» Work request
A faithful copy of the entries, without any pictures, is what is needed here.

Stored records

»»

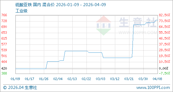 4月9日,生意社硫酸亚铁基准价为735.00元/吨,与本月初(705.00元/吨)相比,上涨了4.26%。
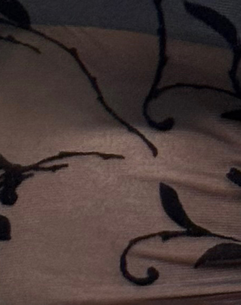 Step out in our Bilancia top. It comes in a strapless, bandeau fit, detailed with a sheer black rose flock print and slightly loose hem.
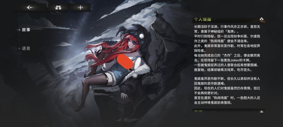 吼呀吼呀,初次见面,在下是公会情报部的普通干部,代号犰狳。行走在深渊的探险者们,对鬼牌这个组织多少该有所耳闻吧。成员虽少,但各个实力不俗,就算表面上只是在追求所谓的“戏剧”,谁又能知道她们是否在酝酿更大的阴谋呢?
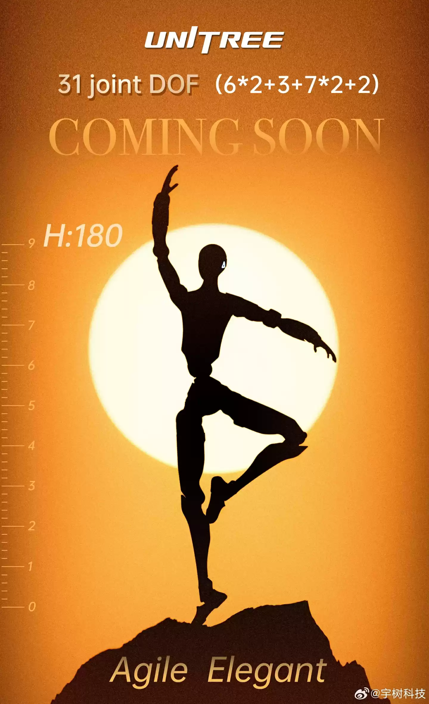8月19日最新消息,宇树科技于今晚公布了一款180厘米高的人形机器人新品预告海报,并在官方文案中标注"即将亮相"字样。
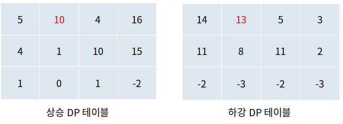 - 상승과 하강일때 dp 테이블을 각각 구한 후 반복문 돌며 합했을 때 최대치를 구하면 됨
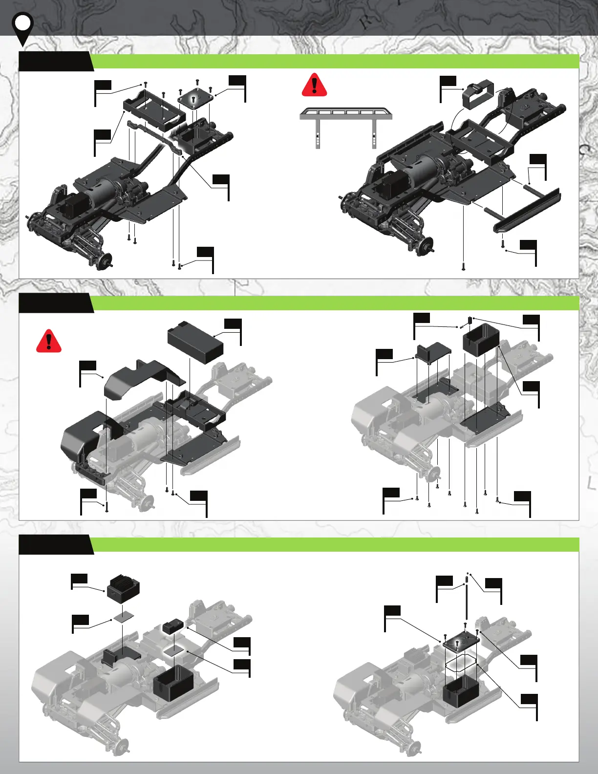 Element RC Utron SE - Chassis Electronics and Body Mounting; Gate 11: Battery Box and Sliders; Gate 12: Fenders, Receiver, and ESC; Gate 13: Servo, Receiver, and Antenna
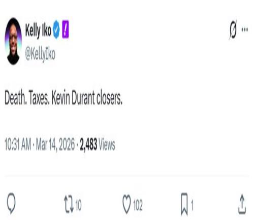 面对杜兰特这样的表现,火记Kelly Iko感慨道:“无法避免的三件事情:死亡、税收、杜兰特终结比赛。”
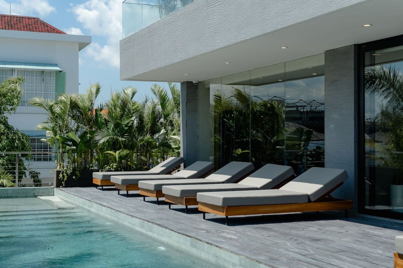 Elevate your Bali experience in our exclusive retreat located in the prime Berawa area. Rejuvenate in our luxurious spa with an ice bath, hammam, and sauna, or maintain your fitness in the state-of-the-art gym. For those seeking productivity, our professional podcast and recording studio is at your disposal. Unwind at the pool and experience Bali’s charm from a location that offers both luxury and convenience. Book your Bali escape today!
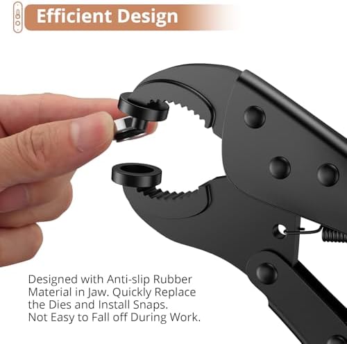 - Premium Material: The professional snap pliers are made of 45# steel, heat-treated for high hardness and wear resistance, ensuring long-term durability. The screws and snaps are made of 304 stainless steel for added strength and corrosion resistance
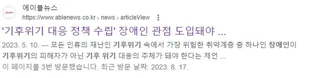 “ ‘기후위기 대응 정책 수립’ 장애인 관점 도입돼야 " (에이블 뉴스 2023.05.10)
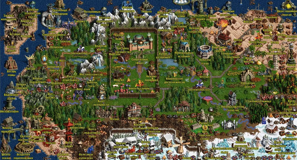 • на картах без воды все морские элементы исключены полностью (в том числе навык Навигация, а герои-специалисты по этому навыку заменены);

««

» Result of this task
 4月9日,生意社硫酸亚铁基准价为735.00元/吨,与本月初(705.00元/吨)相比,上涨了4.26%。
 Step out in our Bilancia top. It comes in a strapless, bandeau fit, detailed with a sheer black rose flock print and slightly loose hem.
 吼呀吼呀,初次见面,在下是公会情报部的普通干部,代号犰狳。行走在深渊的探险者们,对鬼牌这个组织多少该有所耳闻吧。成员虽少,但各个实力不俗,就算表面上只是在追求所谓的“戏剧”,谁又能知道她们是否在酝酿更大的阴谋呢?
8月19日最新消息,宇树科技于今晚公布了一款180厘米高的人形机器人新品预告海报,并在官方文案中标注"即将亮相"字样。
 - 상승과 하강일때 dp 테이블을 각각 구한 후 반복문 돌며 합했을 때 최대치를 구하면 됨
 Element RC Utron SE - Chassis Electronics and Body Mounting; Gate 11: Battery Box and Sliders; Gate 12: Fenders, Receiver, and ESC; Gate 13: Servo, Receiver, and Antenna
 面对杜兰特这样的表现,火记Kelly Iko感慨道:“无法避免的三件事情:死亡、税收、杜兰特终结比赛。”
 Elevate your Bali experience in our exclusive retreat located in the prime Berawa area. Rejuvenate in our luxurious spa with an ice bath, hammam, and sauna, or maintain your fitness in the state-of-the-art gym. For those seeking productivity, our professional podcast and recording studio is at your disposal. Unwind at the pool and experience Bali’s charm from a location that offers both luxury and convenience. Book your Bali escape today!
 - Premium Material: The professional snap pliers are made of 45# steel, heat-treated for high hardness and wear resistance, ensuring long-term durability. The screws and snaps are made of 304 stainless steel for added strength and corrosion resistance
 “ ‘기후위기 대응 정책 수립’ 장애인 관점 도입돼야 " (에이블 뉴스 2023.05.10)
 • на картах без воды все морские элементы исключены полностью (в том числе навык Навигация, а герои-специалисты по этому навыку заменены);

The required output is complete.